The National Youth Authority (NYA) CEO, Osman Abdulai Ayariga, has warned that the African Continental Free Trade Area (AfCFTA) could fall short of its promise if it is implemented as a goods-only agreement that ignores the mobility and protection of Africa’s youthful talent.
Delivering a keynote address at the Africa Prosperity Dialogues on the theme, “Africa Without Borders: Youth, Creativity, and Power in an Integrated Africa,” Mr. Ayariga stressed that Africa’s integration agenda must prioritise young people, creativity, and services.
While AfCFTA has created a single market of over 1.4 billion people with a combined economic output exceeding US$3 trillion, Mr. Ayariga said markets are ultimately built by people, not goods alone.
“If AfCFTA is implemented as a goods-only agreement, it will structurally fail Africa’s youth,” he warned.
He noted that the fastest-growing segments of the global economy—services, digital production, and the creative industries—are driven by skills, mobility, and innovation. Yet, Africa currently captures less than one per cent of the global creative economy, a gap he attributed to policy failures rather than a lack of talent.
Citing Nigeria’s film industry as an example, Mr. Ayariga said global streaming platforms invested about US$40 million into Nollywood between 2016 and 2022, helping African stories reach international audiences. He emphasised that culture has evolved beyond soft power to become a tool of economic and diplomatic influence.

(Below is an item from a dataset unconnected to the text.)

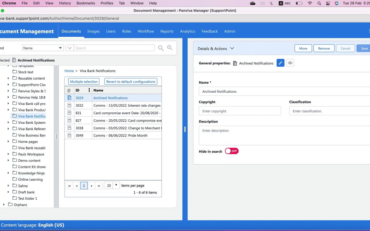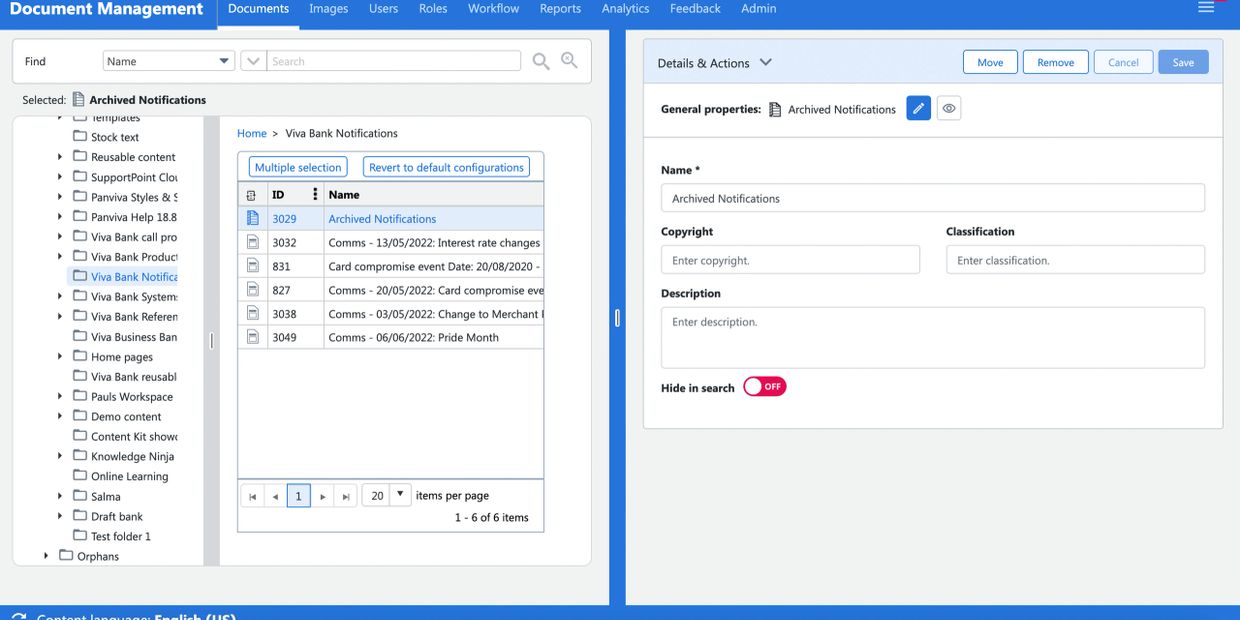 The features that were redesigned to achieve our goal of a usable and accessible document management system include:

He urged African governments to invest deliberately in cultural diplomacy or risk being defined by others. The NYA CEO also called for urgent political action, including mutual recognition of skills across borders, labour-sensitive mobility frameworks, and a managed free-movement regime that allows Africans to live, work, and create across the continent with dignity.
“Africa’s youth are already borderless in imagination and ambition. Policy is lagging behind reality,” he concluded.